Every time I show someone how to use our Biosemi system they want to know how to measure impedance and seem very worried that they can't. This is especially true of people who have experience with EEG. I'm always a bit unsure about how to answer their questions. Below I've written my latest attempt at explaining why with passive electrodes checking impedance is especially important but with Biosemi active electrodes it is less of an issue (at least that is what I'm assuming). Can you please give me some feedback and more information on this issue? This will be very useful for anyone using the system who may face the impedance issue in dealing with colleagues or reviewers of manuscripts. I apologize if the reasons for this are clearly laid out elsewhere in the technical publications. Unfortunately, I don't have the expertise to really understand those (I have tried) so I'm looking for something on a level (basic college electricity and magnetism. I was a biology major!) that I and other users of the system can grasp more intuitively (but still accurately!).

(1) PASSIVE ELECTRODES - Current flows into/out of the head across the skin/gel/electrode interface and through the electrode wire to/from the amplifier. At various points along this path the current will face some resistance (something that restricts the flow of current). For alternating current (as we have in EEG signals) this resistance is called impedance because in addition to resistance, capaciatance and inductance also affect the ability of AC current to flow. Impedance/resistance is related to voltage and current by Ohm's law; Voltage = Current x Resistance. If the impedance across the skin/gel/electrode interface is high, then this will mean that it will be harder for current to flow to/from the amplifier (especially along a long wire that has lots of chances for interference) and a higher voltage will be necessary in order to get a signal through the wire to the amplifier. Thus, higher impedances result in poorer signal quality because amplitudes will be attenuated. Impedance across the skin/gel/electrode interface is usually lowered by removing the layer of dead skin cells on the surface of the skin.

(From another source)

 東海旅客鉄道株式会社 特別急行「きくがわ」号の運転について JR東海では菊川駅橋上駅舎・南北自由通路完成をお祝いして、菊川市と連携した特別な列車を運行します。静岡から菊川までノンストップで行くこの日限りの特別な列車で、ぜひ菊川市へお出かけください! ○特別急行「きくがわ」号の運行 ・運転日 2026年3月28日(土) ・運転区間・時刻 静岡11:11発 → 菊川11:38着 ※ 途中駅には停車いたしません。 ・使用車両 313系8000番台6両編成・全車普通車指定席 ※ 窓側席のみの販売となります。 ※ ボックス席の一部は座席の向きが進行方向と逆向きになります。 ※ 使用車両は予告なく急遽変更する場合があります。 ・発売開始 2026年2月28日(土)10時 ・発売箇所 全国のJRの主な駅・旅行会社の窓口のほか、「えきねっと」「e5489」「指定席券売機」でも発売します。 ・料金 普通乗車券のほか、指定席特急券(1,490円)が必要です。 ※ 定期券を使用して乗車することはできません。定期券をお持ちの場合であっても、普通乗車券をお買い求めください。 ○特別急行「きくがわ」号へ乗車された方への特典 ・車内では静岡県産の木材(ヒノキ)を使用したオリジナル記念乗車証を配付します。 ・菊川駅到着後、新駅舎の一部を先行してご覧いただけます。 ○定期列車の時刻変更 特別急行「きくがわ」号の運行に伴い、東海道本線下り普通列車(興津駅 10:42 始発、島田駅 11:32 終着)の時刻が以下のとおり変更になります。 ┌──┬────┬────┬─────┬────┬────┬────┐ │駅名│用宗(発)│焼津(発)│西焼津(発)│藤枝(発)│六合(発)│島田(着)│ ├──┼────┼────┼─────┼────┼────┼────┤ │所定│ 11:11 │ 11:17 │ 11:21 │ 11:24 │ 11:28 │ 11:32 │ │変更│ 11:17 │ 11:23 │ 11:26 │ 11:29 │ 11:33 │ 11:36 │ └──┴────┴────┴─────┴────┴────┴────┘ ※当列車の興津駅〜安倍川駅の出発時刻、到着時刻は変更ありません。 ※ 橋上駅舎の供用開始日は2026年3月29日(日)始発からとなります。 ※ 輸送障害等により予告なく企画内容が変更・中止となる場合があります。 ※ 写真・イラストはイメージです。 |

(2) BIOSEMI ACTIVE ELECTRODES - A "pre-amplifier" is inserted just after the electrode and before the long wire that goes to the amplifier. This amplifier does not give the signal any gain. I'm not sure exactly what happens here? Is common mode (CMS) rejection done here and the difference then transmitted down the wire? Why does the impedance across the gel/skin/electrode interface no longer matter? Why doesn't the same situation as for passive electrodes come up (higher impedance > lower current down the wire > lower measured voltage?) or have I gotten that wrong?

Impedance seems to have a big effect on signal quality in passive systems and thus it needs to be equivalent across channels. Is there some other factor that has a major impact on signal quality in the Biosemi system and does it need to be equivalent across channels. I have noticed that some channels do need to have more gel or a little scratch or two to make the signal APPEAR QUALITATIVELY better (i.e. less noisy, more stable). Is this changing the impedance? It would be nice to have some more QUANTITATIVE measure of what I have done.

I very much appreciate any help that you can give on these issues. I want to understand better how the system is working...

EEG currents do not (significantly) flow via the electrodes because the input impedance of all current biopotential amplifiers is very high. So, typical electrode impedances (smaller than a few hundred kOhm) do not influence measured EEG voltages.

Interference currents flow via the electrode impedances due to stray capacitances between interference sources (e.g. mains wiring), and the electrode wires and the subject body, see http://www.biosemi.com/publications/pdf ... uction.pdf . This current flow causes interference voltages proportionally to the electrode impedances. With passive electrodes, it is necessary to lower the electrode impedances to the kOhm range, to archive an acceptable level of interference in typical measurement situations.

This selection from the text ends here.